Task objective: Would you transcribe the records below exactly, omitting every picture?

Records supplied:
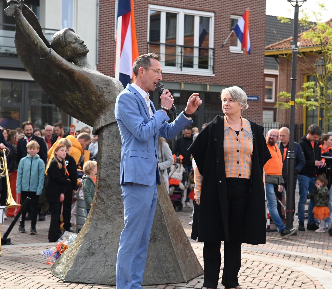 De Burgemeester Hoekstrastraat in Nijkerk is maandag 27 april winnaar geworden van de verkiezing Mooiste straat van Nijkerk op Koningsdag. De prijs werd uitgereikt tijdens de aubade door vertrekkend wethouder Marielle Broekman en voorzitter Marko van der Zwaag van de Oranjevereniging Nijkerk. De Martinus Zwetslootstraat, werd tweede. Er was een eervolle vermelding voor de Hoogstraat en de Bruins Slotlaan was ook erg mooi. In de Martinus Zwetslootstraat bleken de poppen van Koningin Maxima en Koning Willem-Alexander een voltreffer, maar de oranje gloed in de nachtelijke uren van de Burgemeester Hoekstrastraat en de rozetjes in de struiken gaven de doorslag. De bewoners van de Burgemeester Hoekstraat winnen een buurtbarbecue ter waarde van 450 euro van Keurslager Tim de Gier. Ook wordt nog een springkussen bijgeleverd. Foto Kees van den Heuvel
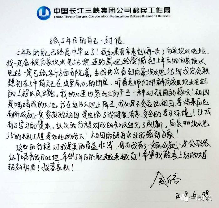 参加此次活动的50名中学生,正值爱做梦的年纪,理想的种子正在萌芽。为了激发他们为理想不懈奋斗的热情,志愿者组织同学们给五年或十年后的自己写一封信,对话未来的自己,规划自己的未来。这一环节中,岳子豪同学作为参加过往届娃娃行活动的学生代表做了发言:“是向家坝电站建设的叔叔阿姨用辛勤的汗水换来了我们今天的幸福!我一定要努力学习,将来也要成为一名水电建设者,为祖国作贡献!”
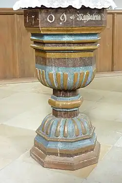 Das Taufbecken aus Kalkstein, mit der typischen Godronierung im Stil des Barocks, hat am oberen Rand die Jahreszahl 1709 und die Stifternamen Magdalena Lindenmayer und Hans Georg Lindenmayer aufgemalt.
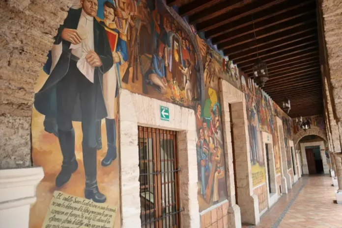 Considerado el mural más grande de México hecho por una mujer, con más de 500 metros cuadrados distribuidos en el perímetro del patio central de la histórica casa, esta obra refleja el desarrollo de la región desde antes de la colonización española hasta el presente en que fue pintado, incluyendo momentos clave de la historia del país en los que la capital coahuilense fue parte.
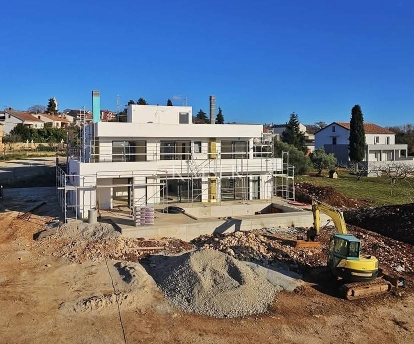 Kaiser Immobilien proudly presents a real beauty among villas., a modern and elegant villa with a swimming pool and sauna and with a beautiful view of the sea and the Austrian Alps. The villa is located in an ideal location only 10 km from the city of Poreč and the first beaches, and close to all the necessary amenities for life., market, school, kindergarten, restaurant that you will easily visit on foot without starting the car. This imposing villa stands gracefully as a detached building on a plot of 979 m2 and is surrounded by a quiet village, beautiful views and green areas. The area of the villa's inner net part is 240 m2, if we add the terraces we arrive at an area of 433 m2. The villa enchants with its perfect balance between contemporary design and modern elements. The exterior and interior of the villa are connected by a very modern design with a spacious and beautifully landscaped lawn with Mediterranean plants and a pleasant heated pool of 40 m2. The villa is a combination of modern design in a natural environment. The villa consists of a ground floor and a first floor, and the special feature of this villa is its spacious roof terrace, measuring 97 m2, which offers a breathtaking view of the sea, the Alps and the village around the villa. The ground floor of the villa is decorated with 1 bedroom with 1 bathroom and its own walk-in wardrobe, kitchen, living room, dining room, 1 guest toilet, storage room and a machine room that has an entrance from the outside and where everything is regulated for Daikin heat pumps, pool heating and underfloor heating. On the first floor of the villa there are 3 more bedrooms with 3 bathrooms, each room has an exit to a balcony, and one bedroom has another additional balcony for itself. Access to the terrace and to the floor inside the villa is provided by internal stairs, which lead to a spacious and beautiful roof terrace with a jacuzzi and sauna, with an irresistible view. The roof terrace provides the possibility of setting up other facilities to make your stay there unforgettable and even more enjoyable. The villa's courtyard will be landscaped with Mediterranean plants, and the entire yard is equipped with irrigation. There is a 40 m2 heated pool, a spacious sunbathing area around the pool and a summer kitchen. additional features: - 4 covered parking spaces, - anthracite black, PVC and aluminum joinery with electric lifts, - electric shutters - heated pool with counter-current swimming - jacuzzi and sauna - insulation - scale-free water softener - water heating - heat pumps Distance from the property to the town: Poreč - Pula Airport, 45 km Poreč - Ljubljana, 162 km Poreč - Vienna, 544 km Poreč - Prague, 868 km Poreč - Munich, 565 km If you are looking for your perfect villa, please contact us with confidence at the phone number 00385 923782803, or at the email address: ivana@kaiser-immobilien.hr. The agency commission is 3% + VAT, and is charged for the first legal act. The villa is subject to VAT and no additional tax is payable on it.

Answer section:
 De Burgemeester Hoekstrastraat in Nijkerk is maandag 27 april winnaar geworden van de verkiezing Mooiste straat van Nijkerk op Koningsdag. De prijs werd uitgereikt tijdens de aubade door vertrekkend wethouder Marielle Broekman en voorzitter Marko van der Zwaag van de Oranjevereniging Nijkerk. De Martinus Zwetslootstraat, werd tweede. Er was een eervolle vermelding voor de Hoogstraat en de Bruins Slotlaan was ook erg mooi. In de Martinus Zwetslootstraat bleken de poppen van Koningin Maxima en Koning Willem-Alexander een voltreffer, maar de oranje gloed in de nachtelijke uren van de Burgemeester Hoekstrastraat en de rozetjes in de struiken gaven de doorslag. De bewoners van de Burgemeester Hoekstraat winnen een buurtbarbecue ter waarde van 450 euro van Keurslager Tim de Gier. Ook wordt nog een springkussen bijgeleverd. Foto Kees van den Heuvel
 参加此次活动的50名中学生,正值爱做梦的年纪,理想的种子正在萌芽。为了激发他们为理想不懈奋斗的热情,志愿者组织同学们给五年或十年后的自己写一封信,对话未来的自己,规划自己的未来。这一环节中,岳子豪同学作为参加过往届娃娃行活动的学生代表做了发言:“是向家坝电站建设的叔叔阿姨用辛勤的汗水换来了我们今天的幸福!我一定要努力学习,将来也要成为一名水电建设者,为祖国作贡献!”
 Das Taufbecken aus Kalkstein, mit der typischen Godronierung im Stil des Barocks, hat am oberen Rand die Jahreszahl 1709 und die Stifternamen Magdalena Lindenmayer und Hans Georg Lindenmayer aufgemalt.
 Considerado el mural más grande de México hecho por una mujer, con más de 500 metros cuadrados distribuidos en el perímetro del patio central de la histórica casa, esta obra refleja el desarrollo de la región desde antes de la colonización española hasta el presente en que fue pintado, incluyendo momentos clave de la historia del país en los que la capital coahuilense fue parte.
 Kaiser Immobilien proudly presents a real beauty among villas., a modern and elegant villa with a swimming pool and sauna and with a beautiful view of the sea and the Austrian Alps. The villa is located in an ideal location only 10 km from the city of Poreč and the first beaches, and close to all the necessary amenities for life., market, school, kindergarten, restaurant that you will easily visit on foot without starting the car. This imposing villa stands gracefully as a detached building on a plot of 979 m2 and is surrounded by a quiet village, beautiful views and green areas. The area of the villa's inner net part is 240 m2, if we add the terraces we arrive at an area of 433 m2. The villa enchants with its perfect balance between contemporary design and modern elements. The exterior and interior of the villa are connected by a very modern design with a spacious and beautifully landscaped lawn with Mediterranean plants and a pleasant heated pool of 40 m2. The villa is a combination of modern design in a natural environment. The villa consists of a ground floor and a first floor, and the special feature of this villa is its spacious roof terrace, measuring 97 m2, which offers a breathtaking view of the sea, the Alps and the village around the villa. The ground floor of the villa is decorated with 1 bedroom with 1 bathroom and its own walk-in wardrobe, kitchen, living room, dining room, 1 guest toilet, storage room and a machine room that has an entrance from the outside and where everything is regulated for Daikin heat pumps, pool heating and underfloor heating. On the first floor of the villa there are 3 more bedrooms with 3 bathrooms, each room has an exit to a balcony, and one bedroom has another additional balcony for itself. Access to the terrace and to the floor inside the villa is provided by internal stairs, which lead to a spacious and beautiful roof terrace with a jacuzzi and sauna, with an irresistible view. The roof terrace provides the possibility of setting up other facilities to make your stay there unforgettable and even more enjoyable. The villa's courtyard will be landscaped with Mediterranean plants, and the entire yard is equipped with irrigation. There is a 40 m2 heated pool, a spacious sunbathing area around the pool and a summer kitchen. additional features: - 4 covered parking spaces, - anthracite black, PVC and aluminum joinery with electric lifts, - electric shutters - heated pool with counter-current swimming - jacuzzi and sauna - insulation - scale-free water softener - water heating - heat pumps Distance from the property to the town: Poreč - Pula Airport, 45 km Poreč - Ljubljana, 162 km Poreč - Vienna, 544 km Poreč - Prague, 868 km Poreč - Munich, 565 km If you are looking for your perfect villa, please contact us with confidence at the phone number 00385 923782803, or at the email address: ivana@kaiser-immobilien.hr. The agency commission is 3% + VAT, and is charged for the first legal act. The villa is subject to VAT and no additional tax is payable on it.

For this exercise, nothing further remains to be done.